**MATERIALS PROVIDED:**
▬▬▬

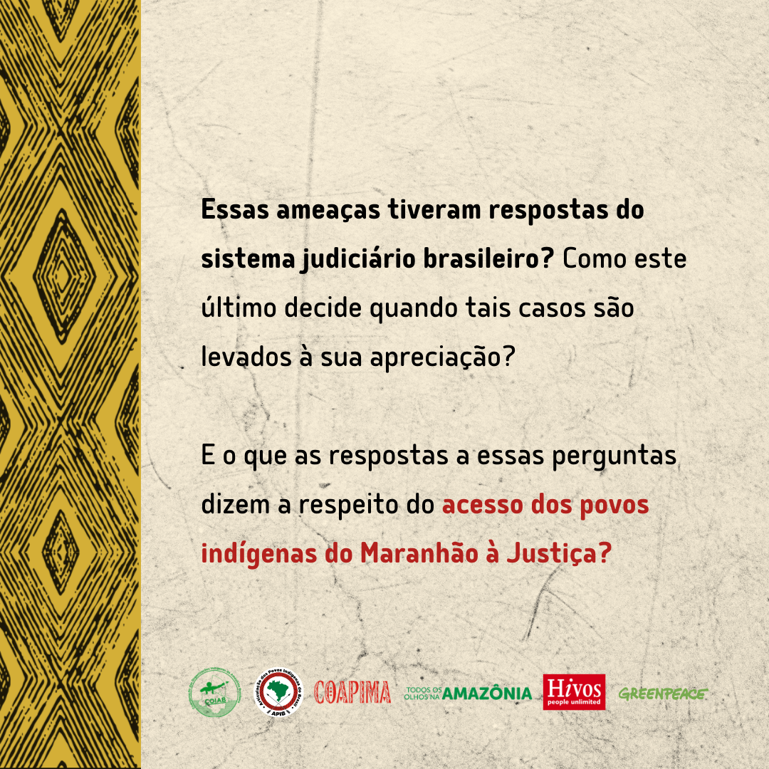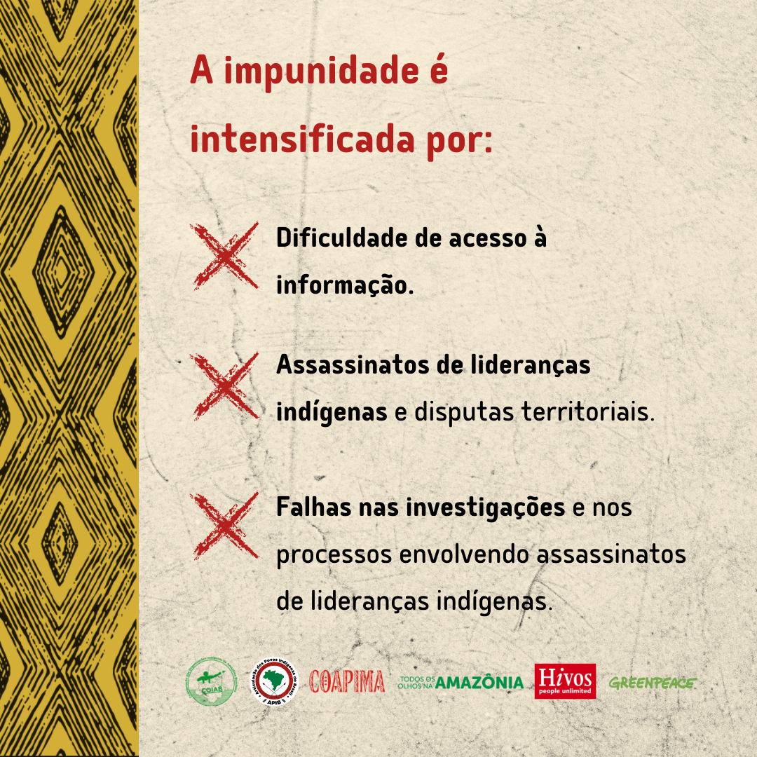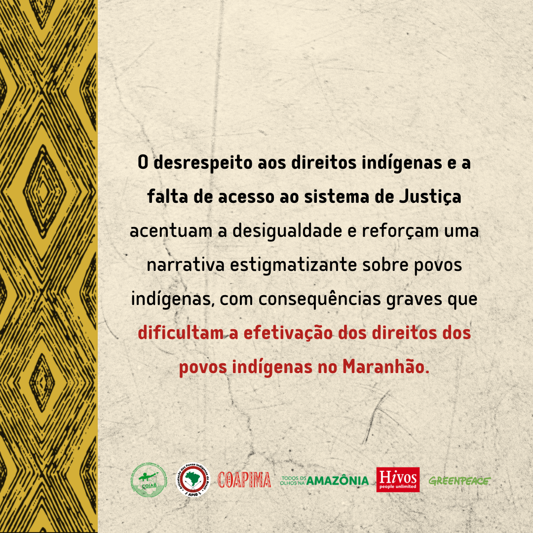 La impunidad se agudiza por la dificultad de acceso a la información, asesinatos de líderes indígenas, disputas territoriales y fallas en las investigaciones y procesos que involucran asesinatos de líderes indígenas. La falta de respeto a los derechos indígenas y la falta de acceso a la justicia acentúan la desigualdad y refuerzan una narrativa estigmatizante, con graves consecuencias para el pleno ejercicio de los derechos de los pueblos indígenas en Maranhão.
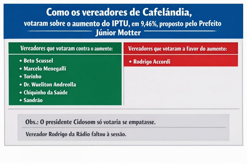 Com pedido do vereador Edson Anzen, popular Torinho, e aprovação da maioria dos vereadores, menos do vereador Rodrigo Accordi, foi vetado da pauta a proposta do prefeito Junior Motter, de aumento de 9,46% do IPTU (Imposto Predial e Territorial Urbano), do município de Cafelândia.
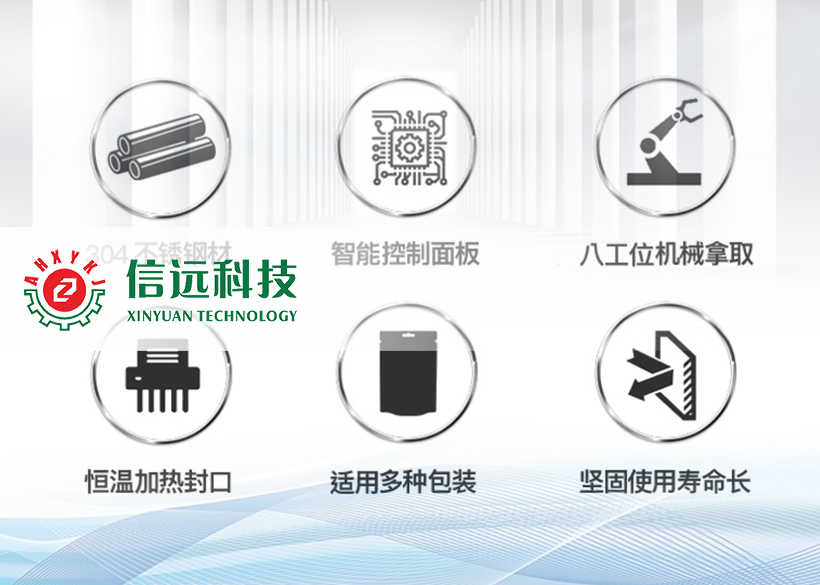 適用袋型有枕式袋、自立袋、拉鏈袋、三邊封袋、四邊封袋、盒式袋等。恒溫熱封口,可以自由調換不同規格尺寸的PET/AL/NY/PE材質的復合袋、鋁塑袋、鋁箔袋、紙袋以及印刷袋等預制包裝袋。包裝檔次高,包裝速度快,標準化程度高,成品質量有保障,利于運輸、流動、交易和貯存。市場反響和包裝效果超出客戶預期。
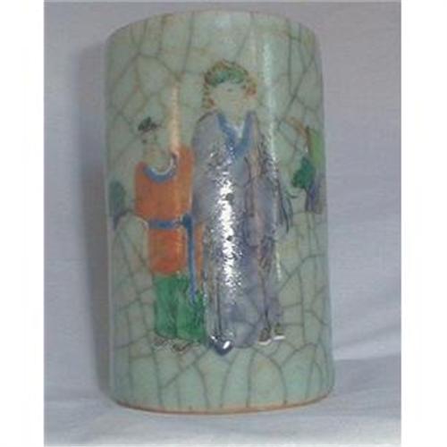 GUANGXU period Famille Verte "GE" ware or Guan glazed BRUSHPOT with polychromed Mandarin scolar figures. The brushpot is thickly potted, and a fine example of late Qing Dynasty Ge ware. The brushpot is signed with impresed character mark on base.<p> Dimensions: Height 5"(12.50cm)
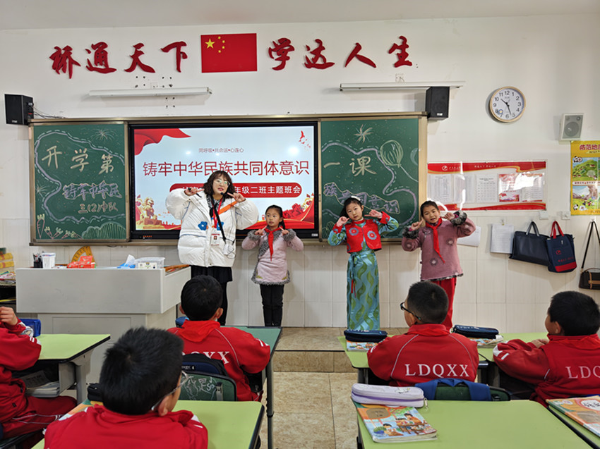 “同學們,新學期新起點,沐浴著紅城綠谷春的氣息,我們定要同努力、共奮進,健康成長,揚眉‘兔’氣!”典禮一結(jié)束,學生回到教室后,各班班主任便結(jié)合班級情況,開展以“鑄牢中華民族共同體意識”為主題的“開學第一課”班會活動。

▬▬▬

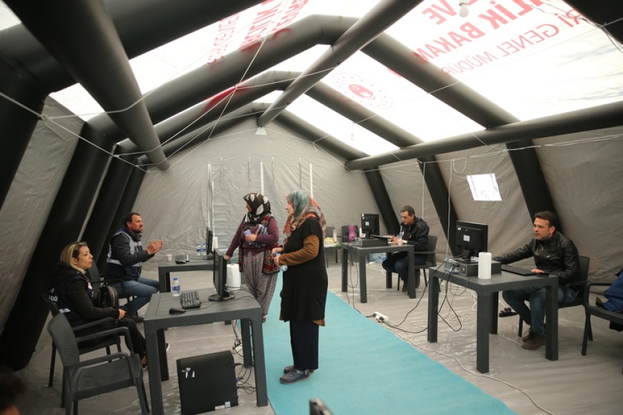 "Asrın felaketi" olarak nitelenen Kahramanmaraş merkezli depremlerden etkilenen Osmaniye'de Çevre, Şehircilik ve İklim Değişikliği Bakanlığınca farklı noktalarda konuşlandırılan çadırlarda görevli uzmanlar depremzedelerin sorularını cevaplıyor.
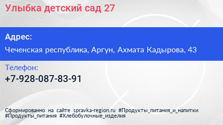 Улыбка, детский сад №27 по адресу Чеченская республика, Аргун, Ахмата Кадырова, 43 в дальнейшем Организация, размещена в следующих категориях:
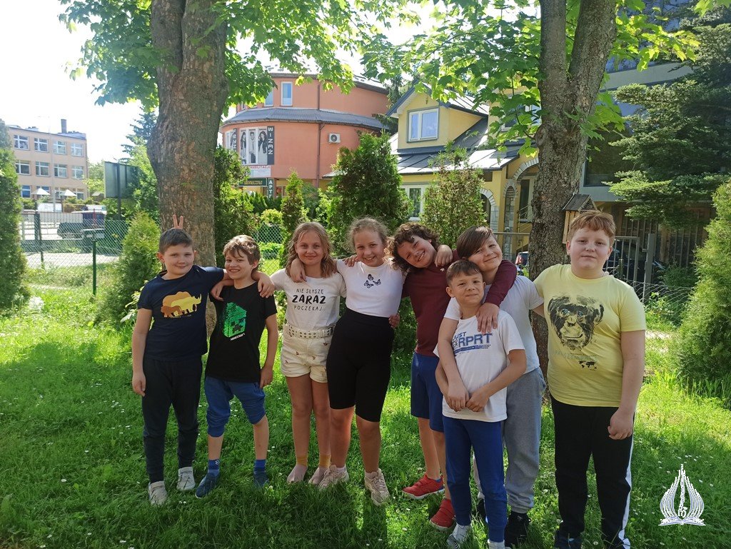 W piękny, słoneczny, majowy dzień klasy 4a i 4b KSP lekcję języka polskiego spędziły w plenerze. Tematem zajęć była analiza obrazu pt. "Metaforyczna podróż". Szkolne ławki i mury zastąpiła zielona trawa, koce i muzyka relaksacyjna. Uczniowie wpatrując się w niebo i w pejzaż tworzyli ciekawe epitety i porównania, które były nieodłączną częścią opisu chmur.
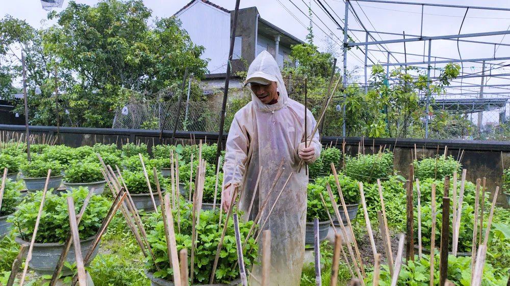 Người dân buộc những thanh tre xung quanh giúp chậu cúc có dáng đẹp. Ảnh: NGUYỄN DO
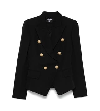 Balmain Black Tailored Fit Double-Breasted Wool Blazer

▬▬▬

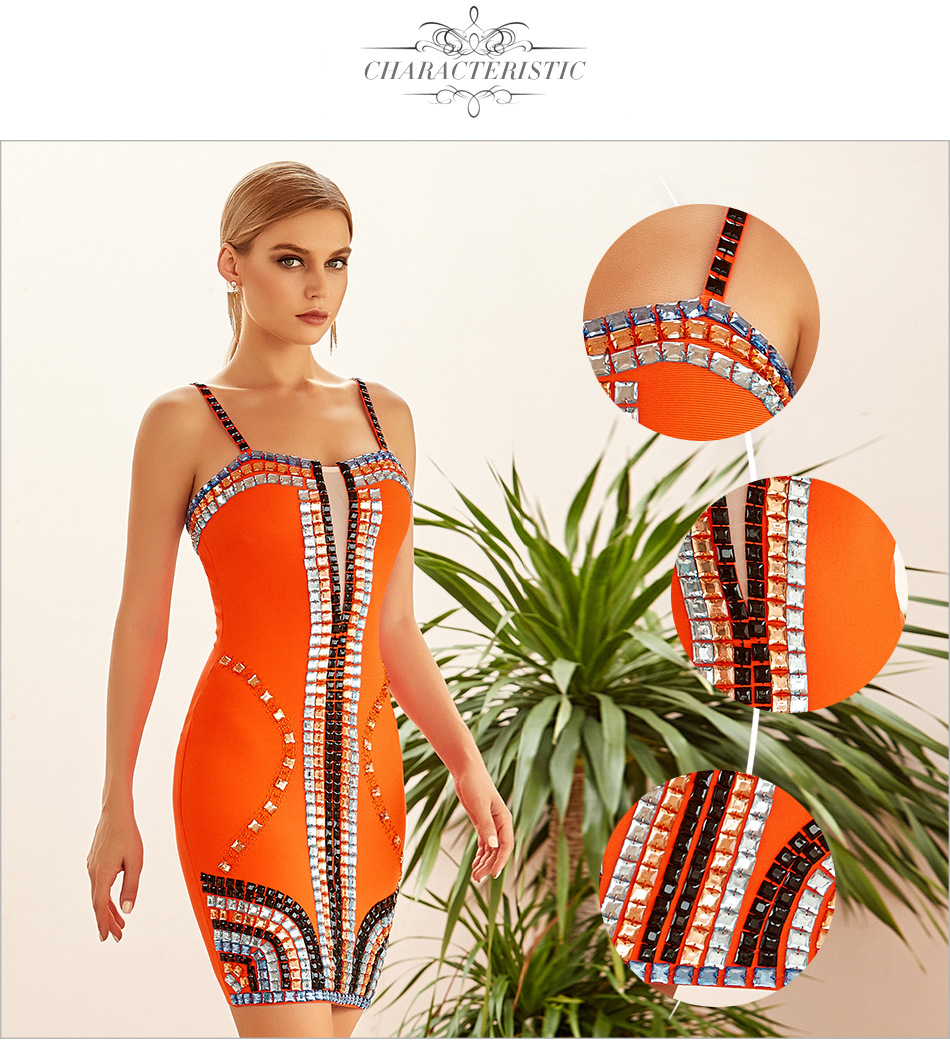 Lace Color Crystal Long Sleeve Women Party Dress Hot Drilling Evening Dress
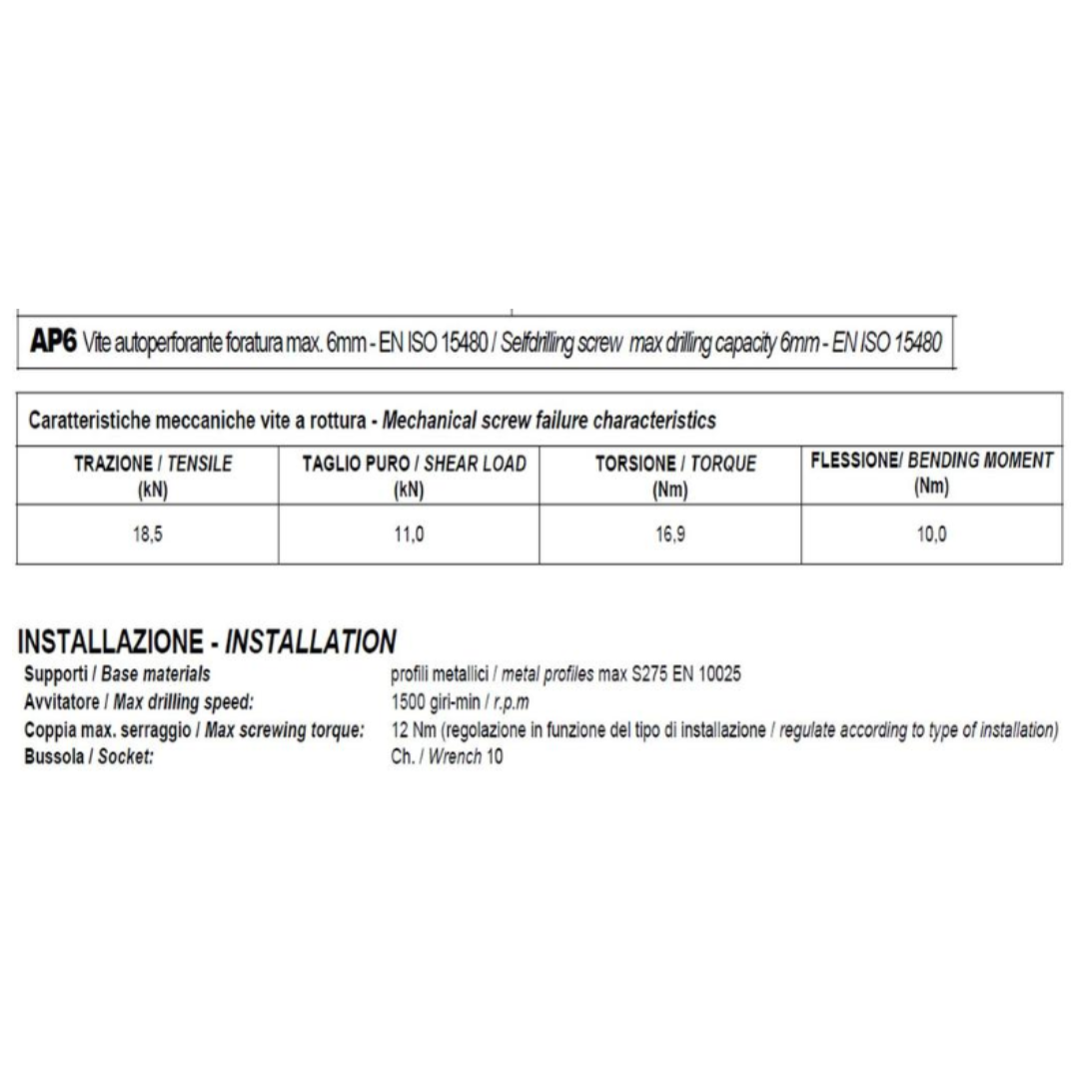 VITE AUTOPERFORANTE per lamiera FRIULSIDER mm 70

▬▬▬

**WHAT YOU WILL DO:**
Give back exactly the lines of the listing above from the one that contains "Улыбка, детский сад" up to and including the one that contains "Balmain Black Tailored", but not the pictures, and no other lines.

**SOLUTION:**
 Улыбка, детский сад №27 по адресу Чеченская республика, Аргун, Ахмата Кадырова, 43 в дальнейшем Организация, размещена в следующих категориях:
 W piękny, słoneczny, majowy dzień klasy 4a i 4b KSP lekcję języka polskiego spędziły w plenerze. Tematem zajęć była analiza obrazu pt. "Metaforyczna podróż". Szkolne ławki i mury zastąpiła zielona trawa, koce i muzyka relaksacyjna. Uczniowie wpatrując się w niebo i w pejzaż tworzyli ciekawe epitety i porównania, które były nieodłączną częścią opisu chmur.
 Người dân buộc những thanh tre xung quanh giúp chậu cúc có dáng đẹp. Ảnh: NGUYỄN DO
 Balmain Black Tailored Fit Double-Breasted Wool Blazer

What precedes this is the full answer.